For the most part this pregnancy has been the same as the first one, in terms of how I'm feeling. The difference is that I have a little commentary on the whole thing from Annie. Like yesterday, when I was feeling yucky and, um, gassy, I had a voice to say "Tootie!" every time it was appropriate. Thanks, kiddo.
I think I will concede to Sam and not find out the gender of this child, if for no other reason than I am the one who rarely compromises and he almost always does, so I need to be fair. As I told a friend, it all boils down to that one moment during the ultrasound when they ask "Do you want to know?" and you have to say "yes" or "no" I have a feeling I would look at Sam for him to answer and he would say "Fine, we can know" because he almost always lets me have my way. So I must be strong! Stay decided! No flaking at the last minute!
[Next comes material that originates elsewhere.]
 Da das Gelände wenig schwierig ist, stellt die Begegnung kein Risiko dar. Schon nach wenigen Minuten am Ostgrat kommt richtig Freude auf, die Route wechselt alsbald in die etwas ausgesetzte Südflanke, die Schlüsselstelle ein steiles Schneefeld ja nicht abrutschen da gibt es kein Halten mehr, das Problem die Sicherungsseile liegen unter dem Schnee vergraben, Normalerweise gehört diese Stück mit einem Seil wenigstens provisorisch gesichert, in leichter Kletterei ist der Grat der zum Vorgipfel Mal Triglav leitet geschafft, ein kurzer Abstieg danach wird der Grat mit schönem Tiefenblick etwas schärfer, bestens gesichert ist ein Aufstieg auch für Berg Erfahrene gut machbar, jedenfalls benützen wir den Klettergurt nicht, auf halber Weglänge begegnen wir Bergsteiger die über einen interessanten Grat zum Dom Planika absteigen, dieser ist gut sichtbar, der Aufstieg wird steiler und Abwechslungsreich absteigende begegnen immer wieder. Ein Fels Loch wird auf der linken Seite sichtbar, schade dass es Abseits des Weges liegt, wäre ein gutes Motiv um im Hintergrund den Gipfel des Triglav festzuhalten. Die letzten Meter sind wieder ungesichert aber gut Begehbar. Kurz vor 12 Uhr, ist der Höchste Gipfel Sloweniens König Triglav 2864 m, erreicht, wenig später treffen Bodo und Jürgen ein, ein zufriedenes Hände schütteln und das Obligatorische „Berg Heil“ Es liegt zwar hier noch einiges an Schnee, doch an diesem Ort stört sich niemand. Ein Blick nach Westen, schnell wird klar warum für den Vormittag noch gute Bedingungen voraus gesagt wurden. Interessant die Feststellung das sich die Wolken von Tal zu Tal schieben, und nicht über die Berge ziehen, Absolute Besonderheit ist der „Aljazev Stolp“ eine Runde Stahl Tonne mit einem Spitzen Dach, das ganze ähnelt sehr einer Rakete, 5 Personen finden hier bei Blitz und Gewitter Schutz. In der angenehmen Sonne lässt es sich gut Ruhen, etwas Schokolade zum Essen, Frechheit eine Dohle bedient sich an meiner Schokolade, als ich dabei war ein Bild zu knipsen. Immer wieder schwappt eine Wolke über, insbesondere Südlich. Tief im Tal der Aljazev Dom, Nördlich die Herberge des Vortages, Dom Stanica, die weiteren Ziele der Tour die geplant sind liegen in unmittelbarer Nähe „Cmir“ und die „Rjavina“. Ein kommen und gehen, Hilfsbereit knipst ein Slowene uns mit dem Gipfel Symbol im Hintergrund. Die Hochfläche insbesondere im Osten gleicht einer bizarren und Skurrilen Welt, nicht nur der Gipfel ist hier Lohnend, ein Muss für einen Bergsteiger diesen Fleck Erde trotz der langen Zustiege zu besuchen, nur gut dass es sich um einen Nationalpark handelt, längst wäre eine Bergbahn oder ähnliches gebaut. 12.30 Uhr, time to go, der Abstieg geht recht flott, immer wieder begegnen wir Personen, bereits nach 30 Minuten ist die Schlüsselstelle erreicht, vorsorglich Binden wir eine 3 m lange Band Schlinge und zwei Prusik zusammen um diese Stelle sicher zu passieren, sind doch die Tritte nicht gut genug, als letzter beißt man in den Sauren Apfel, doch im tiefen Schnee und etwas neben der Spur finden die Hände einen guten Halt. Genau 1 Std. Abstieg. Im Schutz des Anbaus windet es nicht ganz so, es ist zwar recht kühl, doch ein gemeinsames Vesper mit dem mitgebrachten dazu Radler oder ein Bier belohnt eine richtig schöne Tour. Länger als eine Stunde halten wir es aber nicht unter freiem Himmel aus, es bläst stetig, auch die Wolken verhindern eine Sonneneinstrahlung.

I have a few updated pictures of Annie and a funny video to share, but I can't seem to remember to bring the camera to school! I like to upload things on my laptop because it is much faster, but it involves the extra step of getting the camera to school and getting it done.
Now, a funny conversation between my friend Carl and his 3 and 1/2 year old daughter. They were watching a TV show about going to the beach:
Daughter: Can we go to the beach?
Carl: Of course we can.
D: No, we can't. It is too cold.
C: Well, we can go when it gets warm.
D: No, we won't go.
C: Why not?
D: Because it is never going to get warm!
C: Um, okay. We can still have fun playing in the yard in the snow.
D: No we can't.
C: Why?
D: There's too much dog poop!
We had a good laugh at that. Apparently we both have backyards that look like minefields when the snow melts. Our neighbor calls them "poodle bombs" (even though her dogs are Schnauzers.) So come on, spring! I've got poop to scoop!
2 comments:
Annie's lovely commentary reminds me of when I was prego with Luke. I did not realize how much Jack picked up....
I threw up every single day of pregnancy with both boys. I did not realize how much Jack knew of this until one day I heard him pretend gagging in his toy digger. I asked him what he was playing and he said Mommy! To play Mommy, one must have to puke in a toy....or a toilet :)
When I remember to read your blog, I love it:) Helps me keep up to speed with what's goin on down in that part of the world!